Polymarket is hoping to turn doomscrolling into a night out. The crypto-based prediction platform says it plans to open a pop-up bar in Washington, DC, this weekend called The Situation Room, pitched as a sports pub-style venue where betting on global events will be the main attraction—think live X feeds, flight trackers, Bloomberg stations, and betting screens, per Inc. "Imagine a sports bar ... but just for situation monitoring," the company said Wednesday in an X post.

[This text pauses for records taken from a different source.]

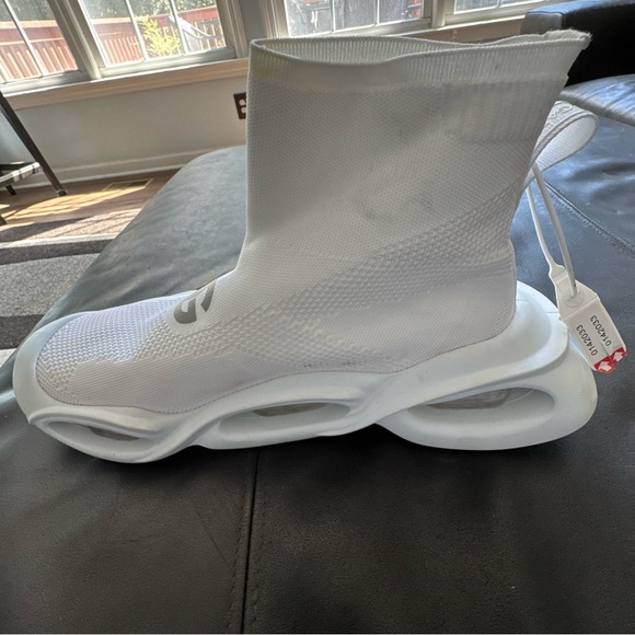 Stylish white sneakers with a unique design. Features a high-top sock-like upper. These are authentic dolce and Gabbana wave sneakers and then then verified authentic by LegitApp also has original serial number tag as well as serial number inside the shoe as identified in the pictures Quick Selling average price on the Internet for this particular shoe is about 575 preowned.
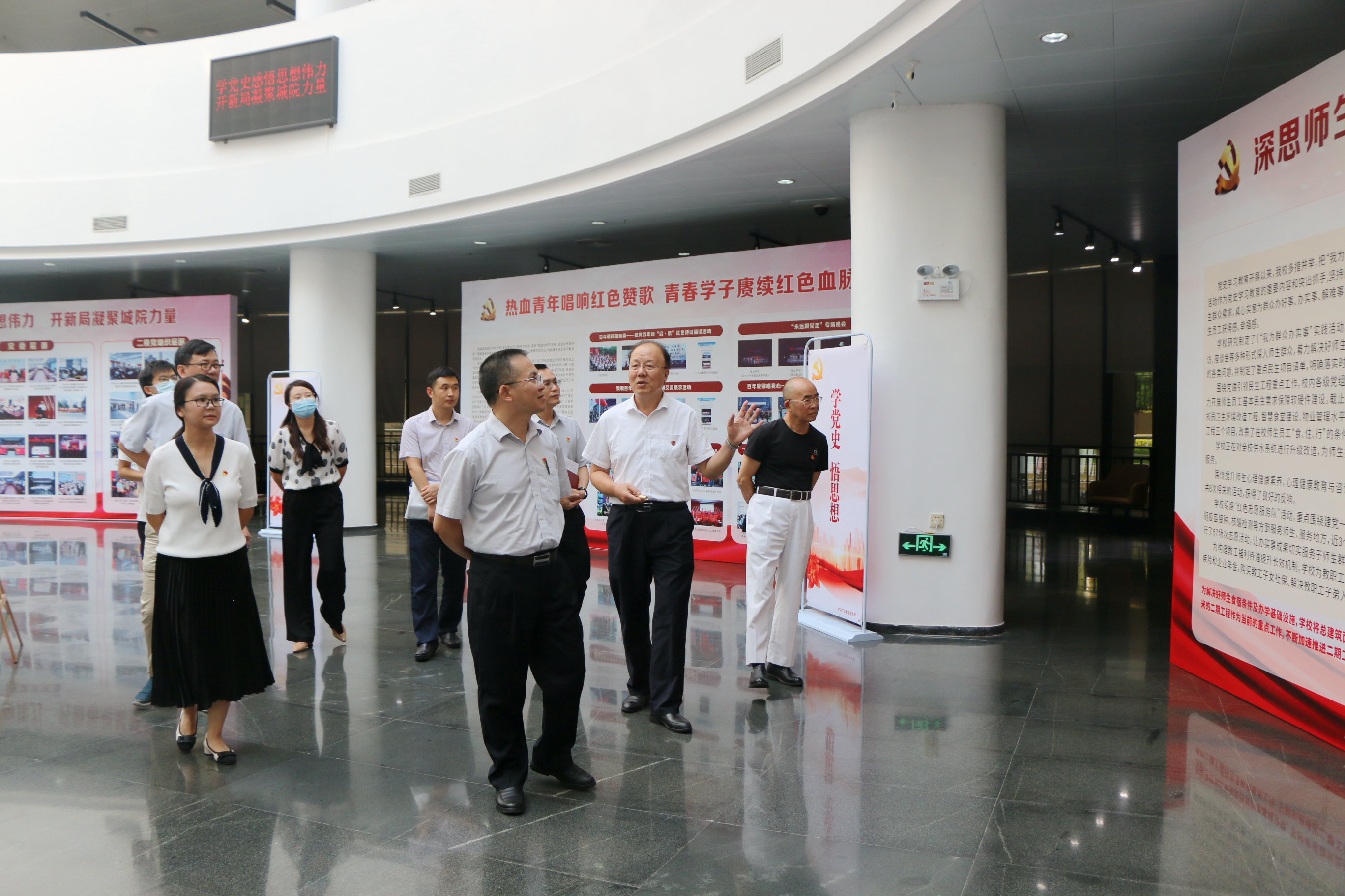 邓柏松组长一行还查阅了beat365官网党史学习教育工作有关资料,前往图书馆二楼中厅参观了 “学党史感悟思想伟力 开新局凝聚城院力量”党史学习教育主题展及3B一楼大厅计算机与信息学院党史学习教育文化回廊,并对beat365官网党史学习教育工作各项亮点给予了充分肯定。
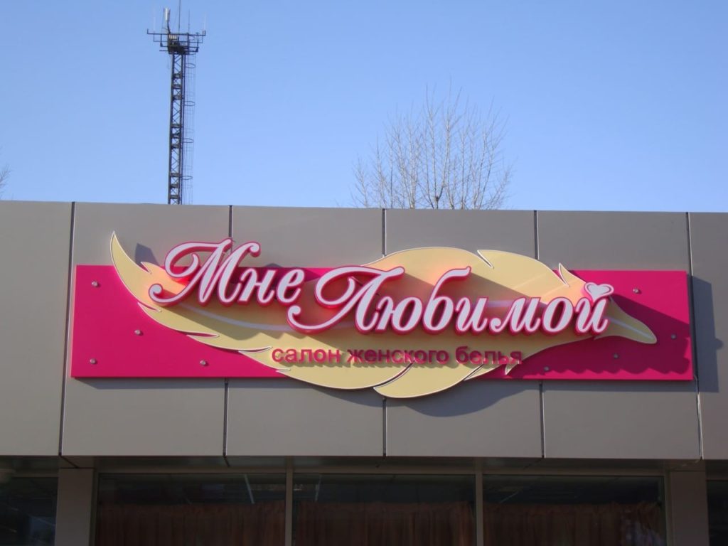 Шрифт. Он должен отличаться от шрифтов других магазинов. Пройдитесь вдоль улицы, сфотографируйте вывески соседей и покажите мастерам в фирме, где планируете заказывать. Они подберут нужный шрифт.

The unique venue, which Axios notes will temporarily take over DC's Proper 21, has already gotten its hands on close to 80 screens, interactive touch screens, and a 6-foot globe for the occasion. It continues the company's flair for attention-grabbing stunts, following February's dueling free pop-up grocery stores it erected along with rival prediction market Kalshi in New York, per Inc. It also lands as Polymarket acquires crypto infrastructure startup Brahma, and as the broader prediction market industry draws more scrutiny.
On Tuesday, Arizona filed criminal charges against Kalshi, accusing it of running an illegal gambling scheme. Lawmakers are also pushing to limit bets on war, terrorism, and assassinations after concerns about trades tied to military actions. DC could prove more welcoming: Michael Selig, chair of the Commodity Futures Trading Commission, has praised prediction markets as socially useful, and Donald Trump Jr. is both an investor in Polymarket and a volunteer adviser to it, as well as a paid adviser to Kalshi.

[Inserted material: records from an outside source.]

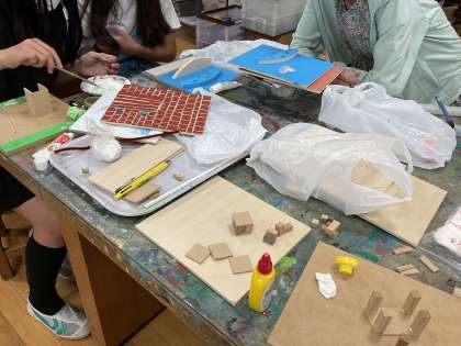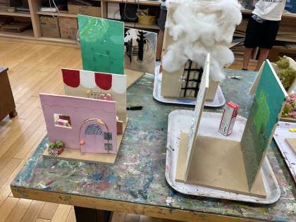 6年生の図工では、扉の向こうの世界を想像しながら、材料の組み合わせを考えてそれぞれがつくりました。子どもたちの創作意欲、創意工夫には驚かされます。図工室をのぞくと、それぞれの子どもたちが、自分たちの作品世界を説明してくれます。つくることを楽しんでいることが伝わってきます。
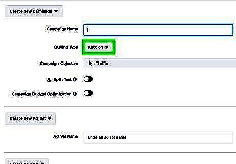 Select a buying type. Use the drop-down menu next to "Buying Type" to select an ad-buying strategy for your campaign. Your options are as follows: Reach and frequency: This option allows you to buy campaigns in advance and gives you more control over your frequency settings (this option may not be available for all campaigns). Auction: This option gives you more choice, efficiency, and flexibility, but with less predictable results.
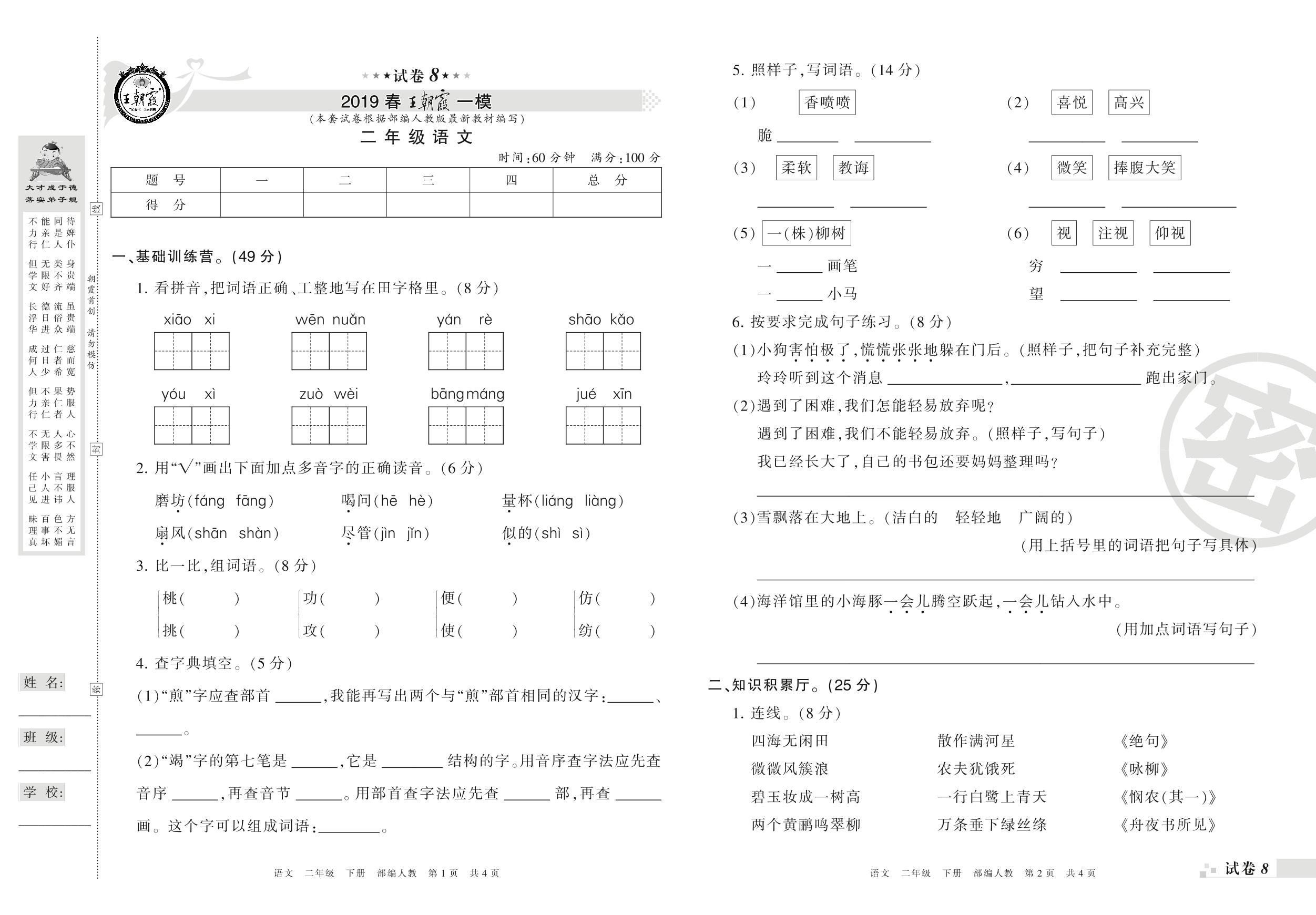 王朝霞期末模拟卷二年级下册语文(人教版)_R21080172538【8】

The announcement has spurred mixed reaction. "They're calling it the Worst First Date Option In DC History," one detractor snarked online, per Fast Company, which calls the pop-up "a bar where you can drink and watch the world unravel in real time." "Brain rot, but in public" was another assessment. At least one commenter is calling it "an intriguing concept" that "sounds a lot like drinking in an airport," but with more community. "I can imagine a place full of other people just as hopelessly addicted to doomscrolling as me, but we're all looking up at the info screens instead of our phones, and also at one another," Mike Pearl writes for Gizmodo. It's not clear if Polymarket has plans to eventually turn this venue into a more permanent one.